BRADY: Really, all of my films from The Childhood of a Leader (2015) about Woodrow Wilson and the Paris Peace Conference, to Vox Lux (2018) to The Brutalist (2024) and Mona’s last film The World to Come (2020) as well, are about the foundational stories that led us to where we are today. I think that we have an interesting perspective, because we are more or less bicontinental as a family unit. Mona is Norwegian, I was born in Arizona, in the Southwestern part of the United States; we’ve lived in a capitalist environment and in a democratic socialist environment. So we have a unique perspective. We’re fascinated by these themes, which is why we keep revisiting them from different characters’ points of view. I think that Ann Lee was America’s first feminist, and we found that pretty radical for the 18th Century, so we were excited. For context, The Shakers are responsible for the washing machine, the potato peeler, and many other household objects that we interface with on a daily basis, so they made an extraordinary imprint on this country. Even though they only grew to be roughly 6,000 at their height, their design, their philosophy, and their music is something that a lot of us, myself included before I started this project, took for granted.
Q: How did you and Mona collaborate on writing screenplays of the four films you directed, then she directed a movie that you co-wrote?
BRADY: I actually think that our relationship functions especially well when we’re working together. I understand it’s not like that for everyone, but we have different strengths, interests and perspectives, so, when we sit down to write a screenplay that Mona intends to direct, I’m writing for her, in service of her vision for the project, and vice versa. We know that it’s very difficult to serve more than one master, and that’s usually what makes projects come apart at the seams. But we know each other very well, better than most, so we really respect that the ship ultimately has one captain. We also try not micro manage our department heads, we really encourage everyone to do what they do best, and we have a lot of conversations with our collaborators. For me directing is like conducting, you’re working with an orchestra of extremely qualified pros, and you are just adjusting the volume, to some extent.
Q: You produced and financed your last two movies independently and on extremely low budgets. Is that because you wanted to protect your vision from studios interference?
BRADY: Our films are difficult to bring to market, because the marketplace only evaluates them based on the success of other projects, and that has resulted in making films pretty tedious to watch nowadays. Not all the time, of course there are exceptions to the rule, but as a cinephile, there are not as many daring experiences as there were in the 1970s from filmmakers like Ken Russell or Peter Weir or Peter Watkins.

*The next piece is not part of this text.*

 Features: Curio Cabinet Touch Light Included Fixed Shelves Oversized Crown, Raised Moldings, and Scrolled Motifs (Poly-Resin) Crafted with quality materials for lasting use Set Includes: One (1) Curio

We pride ourselves in trying to push the medium a little bit further forward than we found it, we want to bring new and fresh experiences to viewers, because we don’t want to retread in the footsteps of filmmakers of a bygone era. This is all in pursuit of a new language, in the process of being in dialogue with the past. We are constantly doing our best to leave a medium that we cherish and love so much in a better place than where we found it, which is our job as cultural gatekeepers. We are mostly focused on our 11-year-old daughter (Ada) inheriting a better culture than the one that we grew up with. That’s the idea, that’s where we’re coming from, in a philosophical perspective. And some days, that’s easier than others, but we’re doing our best within the parameters of an uber-capitalist monopoly that we’re all living and working under in the United States.